CoW advantages over journaling: no journal replay needed, snapshots are free (just snapshot the root pointer), no write hole. Disadvantages: fragmentation over time (random write pattern), higher write amplification (write new metadata for every data write).

Historical Context

The fsck approach dates to early UNIX (1970s). As disk sizes grew, fsck times became impractical. Several research groups independently developed journaling solutions in the 1980s-1990s.

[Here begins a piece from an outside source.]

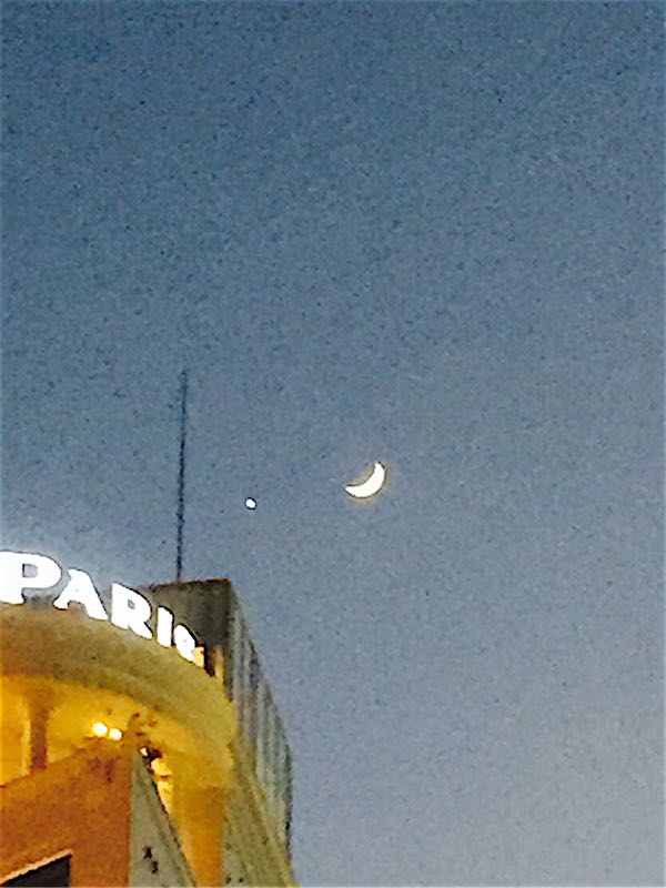 皆さんこんばんわ、 お元気ですか? 新しい年になって、2日目 今夜、夜空を見上げたら、 綺麗な月と星が… 三日月と金星だそうです… パリに行ったわけじゃないんですよ… 銀座の街を歩いてて見上げたら、綺麗な月と星 が、思わず携帯で写メを… ブログの皆さんのメッセージにも、書いてくれ てた方がいらっしゃいましたが…^_−☆ ✨星に色々な願いを✨…^_−☆ そして、 【☕️マーサーブランチ】と言うお店でカフェを 久しぶりにフレンチトーストを食べましたが… これが、又、美味しかったです…^_−☆

The first major journaling filesystem for Linux was ext3, introduced in 2001 (kernel 2.4.16). Ext3 added jbd (journaling block device) on top of ext2. The transition from ext2 to ext3 was trivial (just add a journal with tune2fs -j) — a critical factor in its adoption.

ReiserFS (2001) was also an early Linux journaling filesystem, notable for its tree-based directory structure (fast small-file performance). It gained significant market share but development stalled after Reiser's imprisonment in 2008, and the filesystem is now largely abandoned.

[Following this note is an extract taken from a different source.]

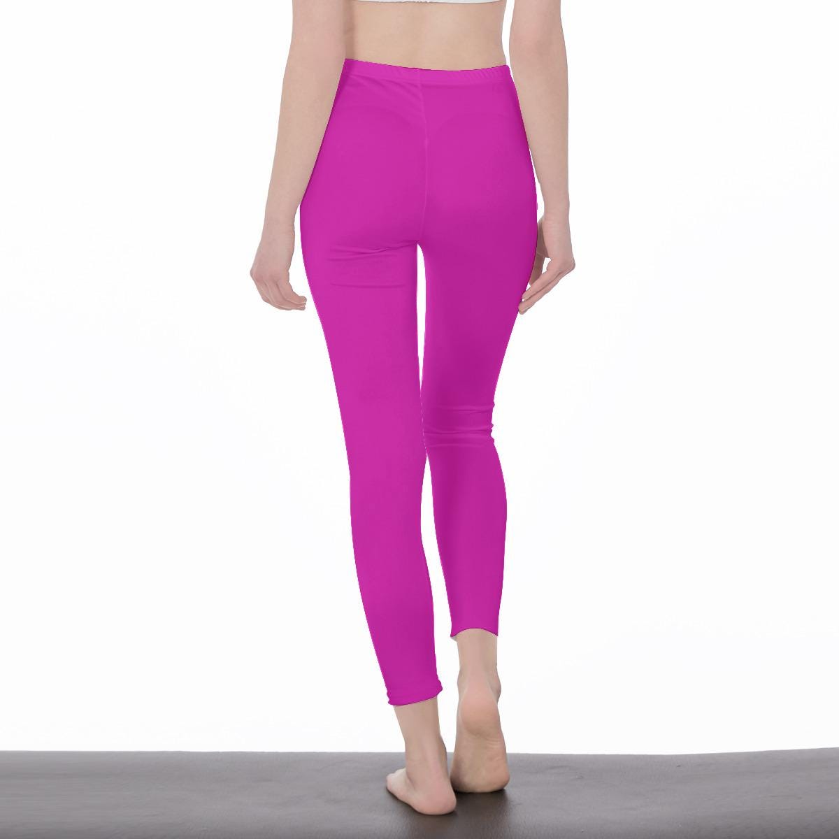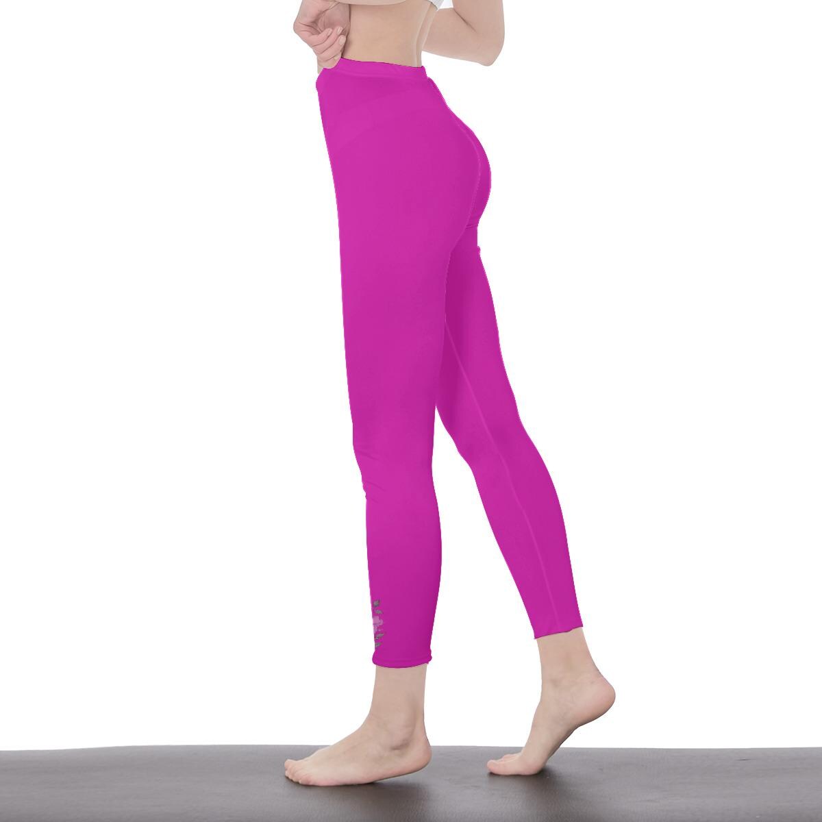 Solid Color Magenta Hot Pink Floral High Waisted Leggings for Women | Soft Yoga Pants Minimal Flower Design | Stylish Workout & Lounge Wear

XFS (Silicon Graphics, 1993, merged in Linux 2.4) brought a production-quality journaling filesystem with scalability features. XFS's journal is called "log" and uses a different architecture from jbd2: the XFS log records all metadata changes in a ring buffer and uses a separate "log device" option for high-performance journal placement.

ext4 (2008, Theodore Ts'o and others) improved on ext3: larger file/filesystem limits, extents (replacing indirect blocks), delayed allocation, journal checksums, and online defragmentation.

Production Examples

MySQL on ext4 ordered mode: InnoDB uses fsync() after every committed transaction (when innodb_flush_log_at_trx_commit=1). With data=ordered, the ext4 journal commits when fsync is called, providing durability. The combination of InnoDB's own WAL + ext4's journal means durability is guaranteed within ~1 ms (NVMe) even after power loss.

PostgreSQL WAL + filesystem journal double-jeopardy: PostgreSQL writes its WAL (write-ahead log) using O_SYNC or fsync(). If the underlying filesystem is ext4 with data=journal, every WAL write is journaled twice — once in the filesystem journal and once in PostgreSQL's WAL. This is unnecessary overhead. PostgreSQL recommends using data=writeback with barrier=0 (if the drive has hardware write-back guarantees) OR simply use data=ordered (default). Many cloud databases use separate ext4 filesystems with data=writeback for WAL volumes on NVMe with PLP (power-loss protection).

ZFS at Twitter: Twitter migrated parts of their storage from RAID5 + ext4 to ZFS in the mid-2010s specifically because ZFS's CoW-based consistency eliminated the need for journal recovery time during rolling reboots. ext4 journal replay was adding 30-60 seconds to reboot time on large filesystems with active writes.

Debugging Notes

# Check journal health on ext4
tune2fs -l /dev/sda1 | grep -i journal
# Journal inode: 8
# Journal backup: inode blocks

# Check if journal has errors
dmesg | grep -i "ext4\|jbd2\|journal"
# Look for: "journal commit I/O error", "recovery failed"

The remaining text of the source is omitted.